Alteration of size perception: serotonin has opposite effects on the aggressiveness of crayfish confronting either a smaller or a larger rival

Animals generally compete for resources such as food, territory, shelter or mates, and conflicts between two conspecific individuals often involve aggression and fights, i.e. behaviors that escalate from intimidation to aggressive confrontations with the purpose of repelling, hurting or eliminating the opponent. The decision to initiate, continue or stop a fight depends not only on the social context and the respective strengths of the antagonists but also on their hostile motivation, which is generally defined as aggressiveness.

Among the numerous neuromodulators and signaling molecules that exert multifactorial control over aggressiveness, serotonin (5-HT) is generally considered one of the most important (Nelson and Chiavegatto, 2001; Nelson and Trainor, 2007). However, the effects of 5-HT often appear contradictory in different animal species or even in similar animals studied using different experimental approaches. In humans and other mammals, a higher level of aggression is frequently associated with a deficiency in 5-HT activity, but this interpretation has only taken precedence after decades of conflicting observations (de Boer and Koolhaas, 2005; Olivier and van Oorschot, 2005; Duke et al., 2013). By contrast, the inverse interpretation generally prevails in crustaceans, as it has been demonstrated that 5-HT increases aggressive motivation and delays the decision to stop fighting (Huber et al., 1997; Huber and Delago, 1998; Herberholz, 2014). However, conflicting observations have also been described in these animals (Peeke et al., 2000; Panksepp et al., 2003; Tricarico and Gherardi, 2007).
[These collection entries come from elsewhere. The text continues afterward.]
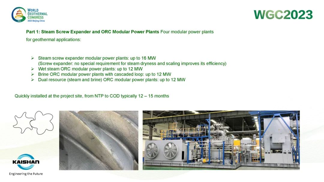 湯炎博士在報告中指出,地熱開發(fā)應最大限度提高井的發(fā)電量,避免產生低壓井或閑置井。開山成功開發(fā)的蒸汽螺桿膨脹機模塊電站、蒸汽ORC模塊電站、鹽水ORC模塊電站和“蒸汽+鹽水”模塊電站可根據(jù)不同溫度、壓力的地熱資源提供最靈活、高效的熱力循環(huán)系統(tǒng),最大限度提高地熱井功率輸出。
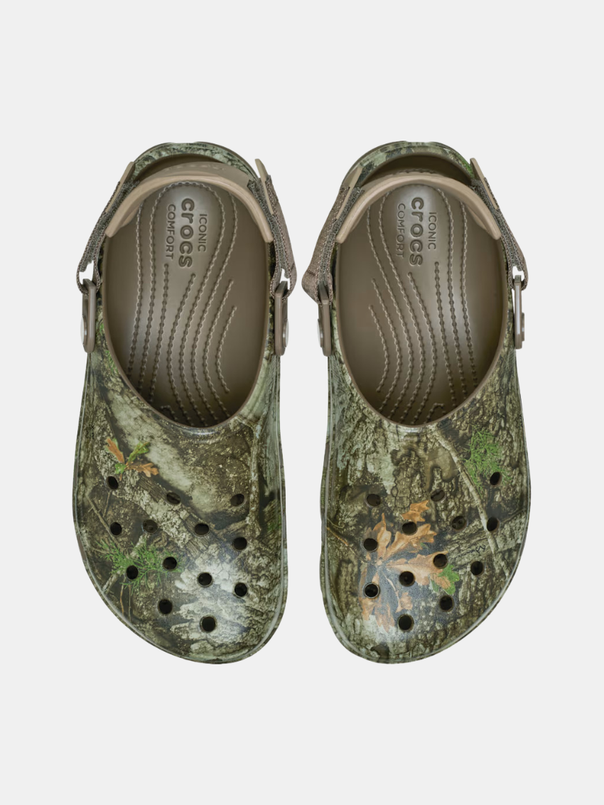 Realtree APX® All-Terrain Clog kombinerer ikonisk komfort med markant camo-stil. Den nye APX camo-print fra Realtree bruger avancerede farver, tekstur og dybde for et realistisk udtryk. Clog’en har bløde Croslite™-såler og justerbare turbo-heel stropper, hvilket giver både komfort og sikker pasform – perfekt til at gøre et stærkt stilstatement i alle miljøer.
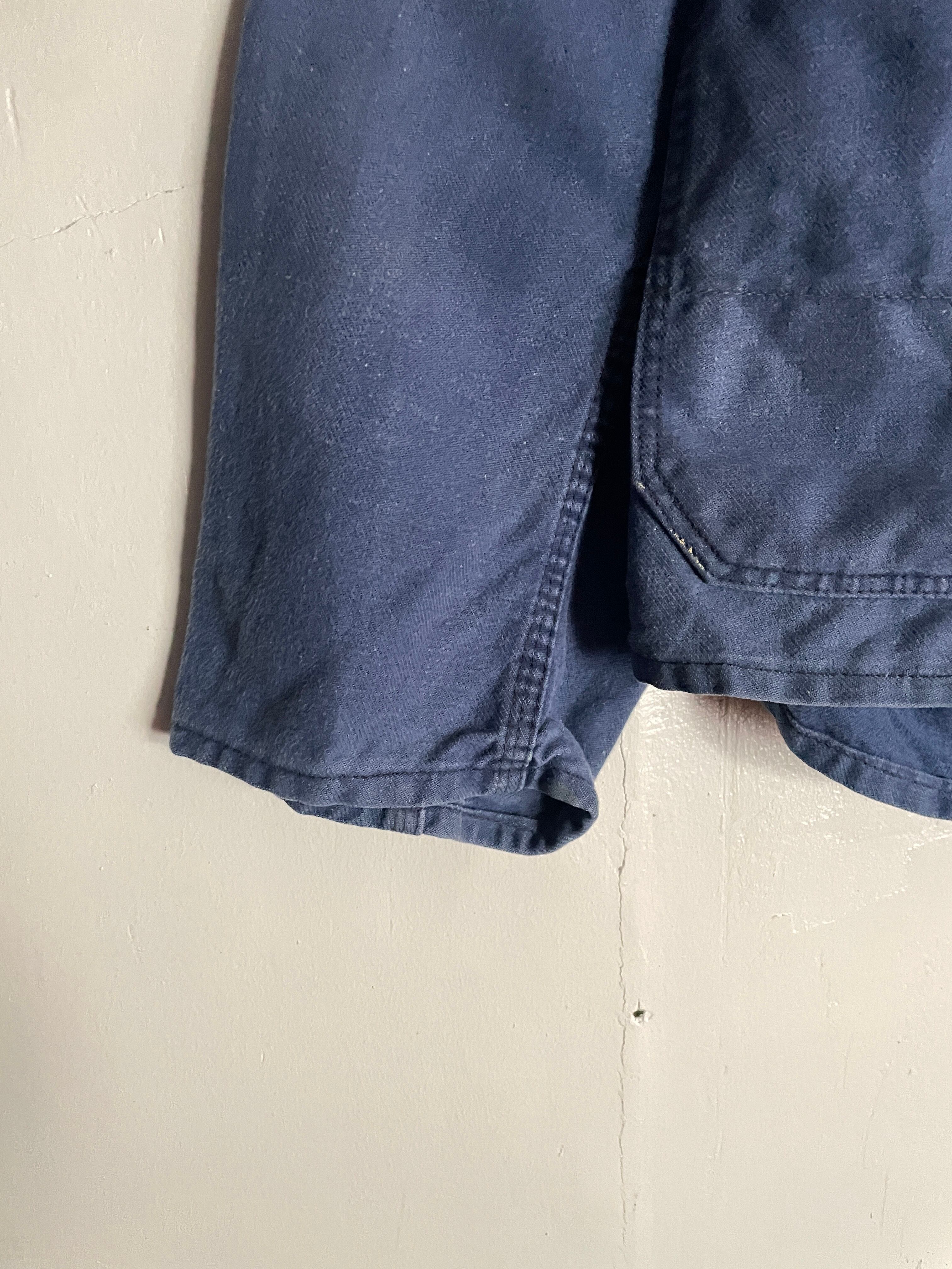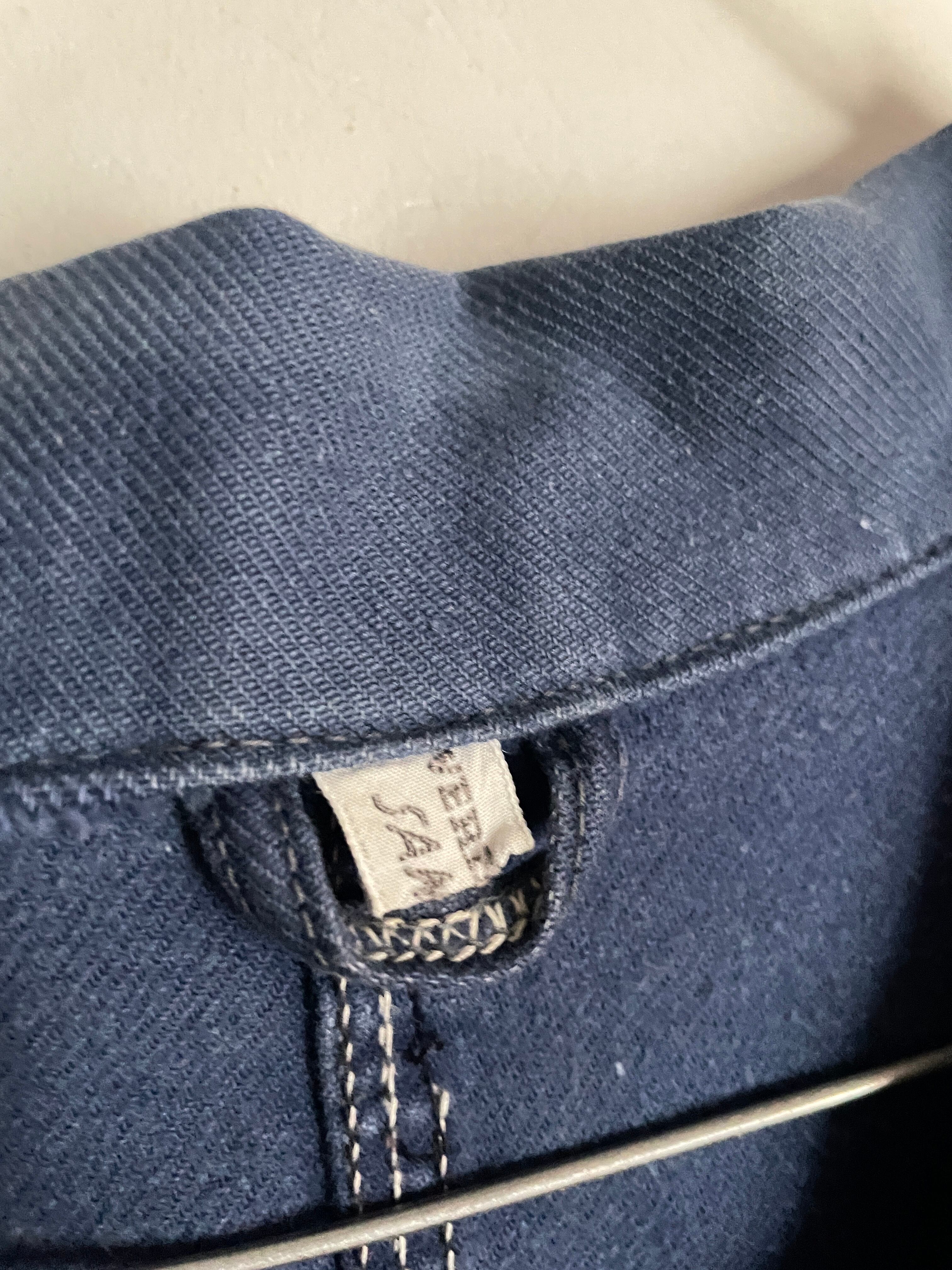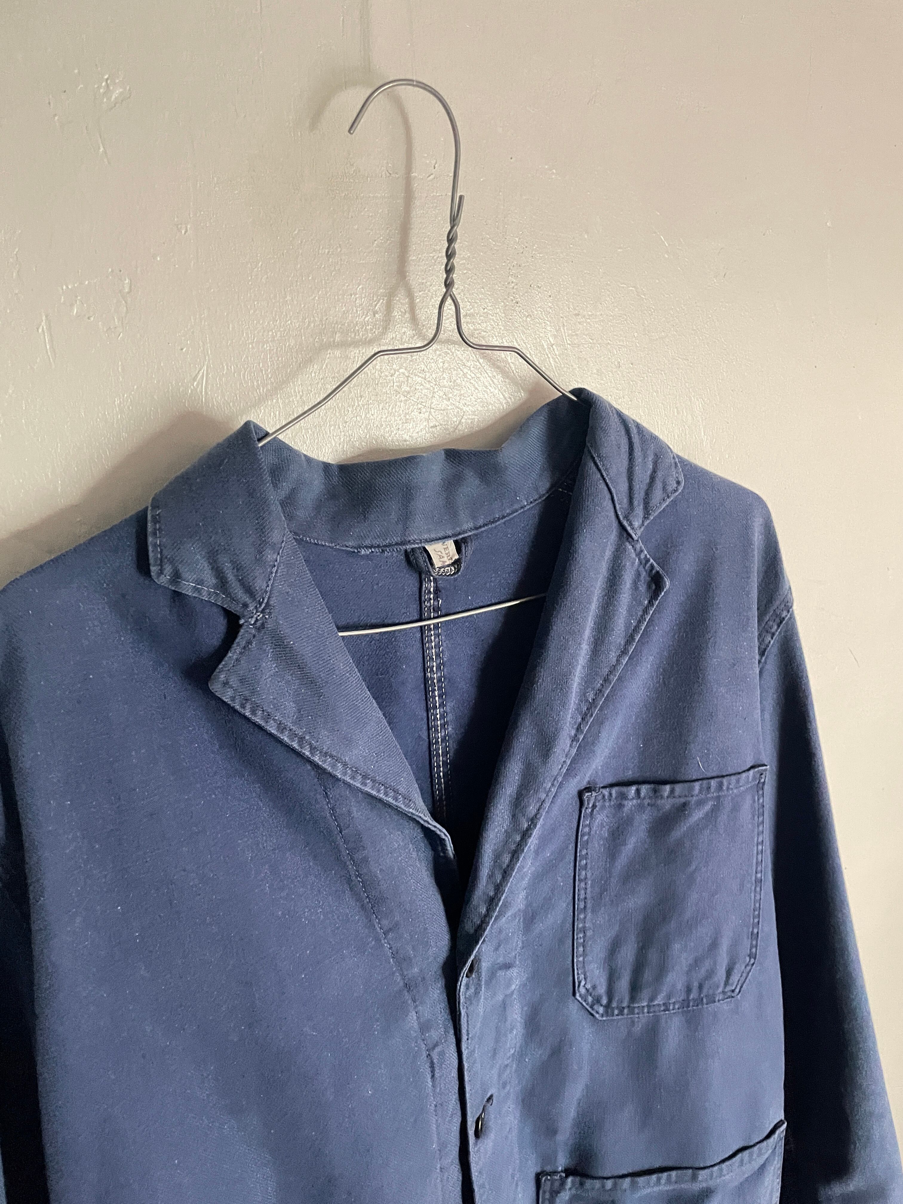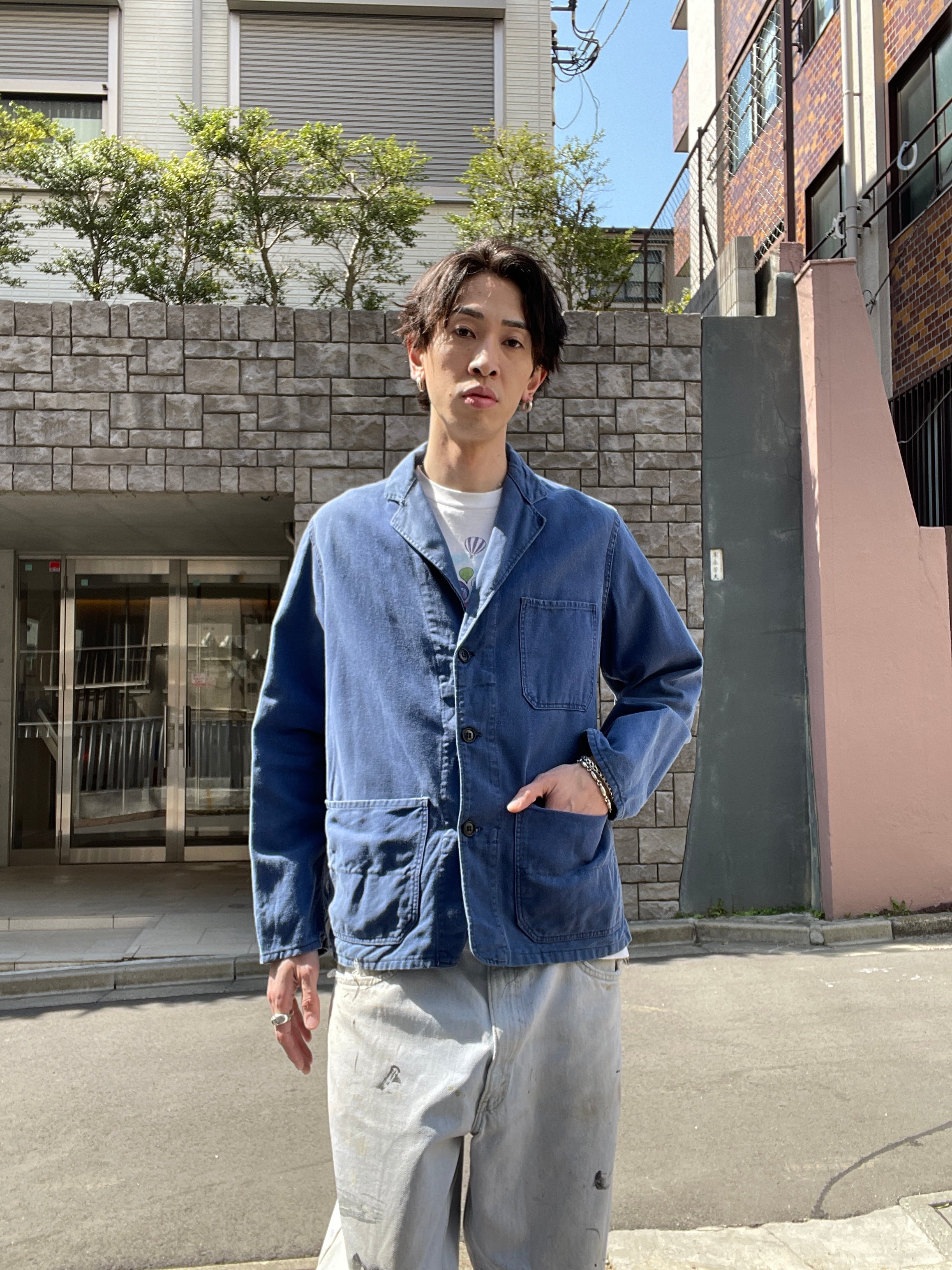 しっかりと色が残ったフレンチブルーボディで、デカ3ポケットが魅力的な、ユーロワークジャケット。通常の丸襟のカバーオール型とは異なり、テーラードジャケットのような襟が付いているのが特徴です。経年変化によって、フェードした独特な風合いが楽しめる一着です。しっかりとしたタフな生地感。ゆったりとしたサイズ感で、春には間違い無くファッションのメインになるアイテムです。

Moreover, in insects, the effects of 5-HT appear to vary in different species: in crickets, 5-HT is able to decrease aggression and favor escape behavior (Stevenson and Rillich, 2012; Stevenson and Schildberger, 2013), but in ants, aggressiveness is weakly affected by exogenous 5-HT (Szczuka et al., 2013). In flies, aggressiveness is increased by the administration of a 5-HT precursor (Bubak et al., 2014) or by selective 5-HT neuron activation (Hoopfer, 2016). Interestingly, recent observations in flies have also shown that 5-HT has a much more complex role in aggressiveness by modulating the perception of a rival (Bubak et al., 2015).

Our previous investigations in the crayfish Procambarus clarkii have also led us to hypothesize that the effects of 5-HT are more complex than a simple stimulatory role in aggressiveness. Indeed, 5-HT is involved in the response to stress that controls anxiety-like behavior (Fossat et al., 2014), which also plays a role during agonistic interactions (Bacqué-Cazenave et al., 2017). Moreover, we have observed that, during dyadic encounters, the concentrations of 5-HT significantly increase in the brains of both opponents, reaching higher concentrations in the losers than in the winners (Bacqué-Cazenave et al., 2017).

To study whether these increased concentrations of 5-HT have similar effects on the aggressiveness of antagonists, we designated pairs of size-matched adult male crayfish and injected one animal in each pair with either 5-HT or saline solution. We then observed the interactions of each pair during a time-limited confrontation. Surprisingly, we found that 5-HT had different effects on aggressiveness depending on the relative difference in size of the opponents. These results led us to seek alternative interpretations of the role of 5-HT in the control of social interactions in crayfish.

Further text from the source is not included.